PROBLEM REQUIREMENTS ▸ Every line from the one with "25分鐘前正宗宜興紫砂 ❘ 珍藏原礦大紅袍顧景舟純手工龍鳳呈祥紫砂壺230ml" up to and including the one with "Velholdt feriehus på" is to be output exactly as it appears below; pictures are not.

DATA TO EXAMINE ▸
-- Opening Marker --
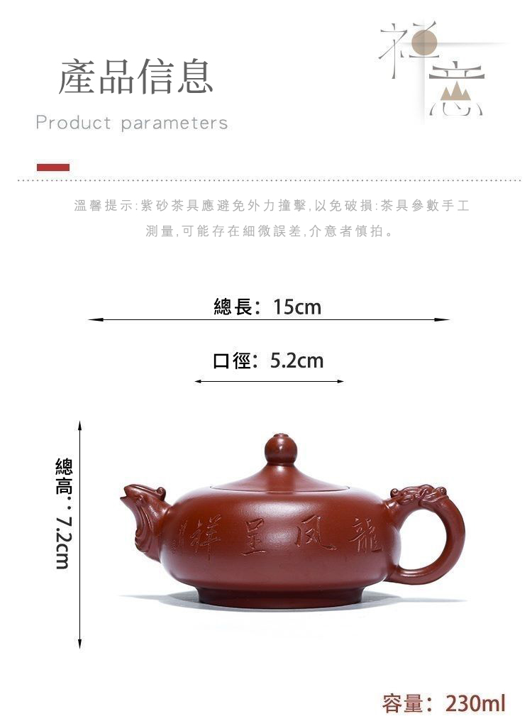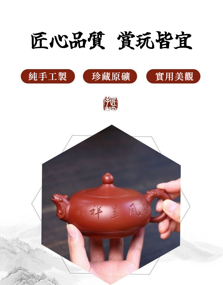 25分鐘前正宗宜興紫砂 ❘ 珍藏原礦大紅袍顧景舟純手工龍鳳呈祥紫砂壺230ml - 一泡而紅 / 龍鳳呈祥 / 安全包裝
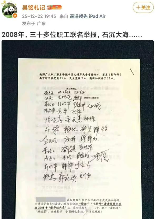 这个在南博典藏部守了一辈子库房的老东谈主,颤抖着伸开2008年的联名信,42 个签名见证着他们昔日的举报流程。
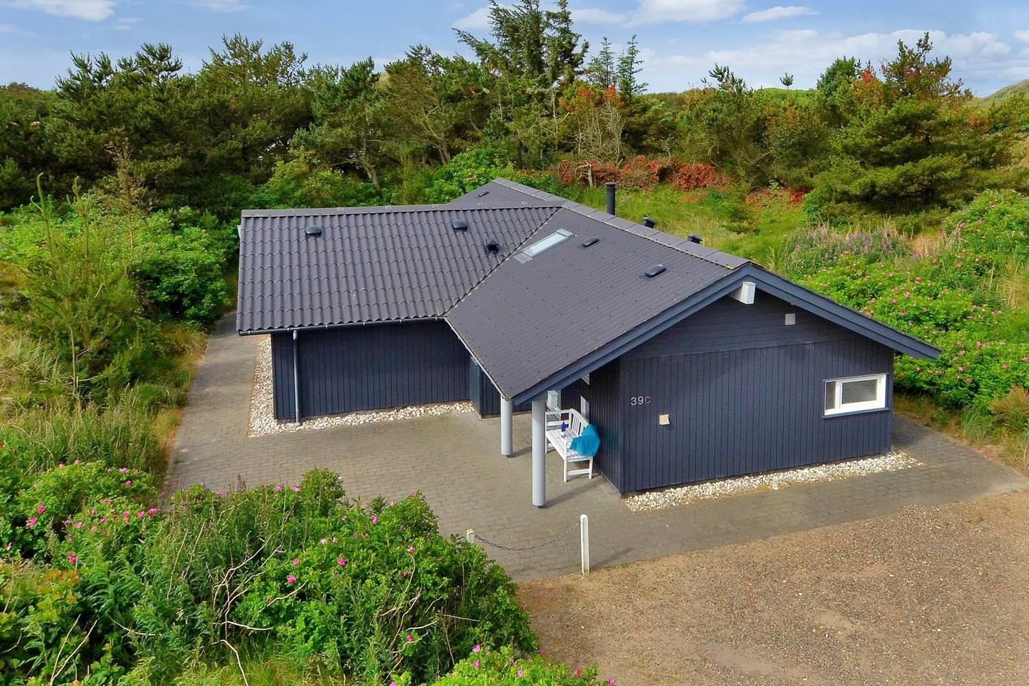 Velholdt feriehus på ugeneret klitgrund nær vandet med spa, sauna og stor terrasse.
-- Closing Marker --
-- Opening Marker --
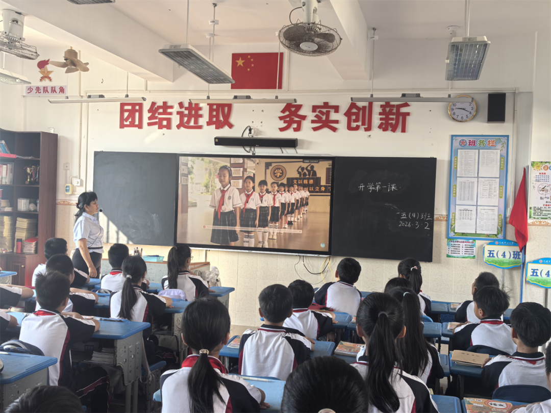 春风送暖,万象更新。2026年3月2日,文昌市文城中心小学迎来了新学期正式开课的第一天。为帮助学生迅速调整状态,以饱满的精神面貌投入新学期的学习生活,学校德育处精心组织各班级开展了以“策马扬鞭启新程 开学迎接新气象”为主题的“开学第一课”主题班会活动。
-- Closing Marker --
FINISHED EXERCISE ▸
 25分鐘前正宗宜興紫砂 ❘ 珍藏原礦大紅袍顧景舟純手工龍鳳呈祥紫砂壺230ml - 一泡而紅 / 龍鳳呈祥 / 安全包裝
 这个在南博典藏部守了一辈子库房的老东谈主,颤抖着伸开2008年的联名信,42 个签名见证着他们昔日的举报流程。
 Velholdt feriehus på ugeneret klitgrund nær vandet med spa, sauna og stor terrasse.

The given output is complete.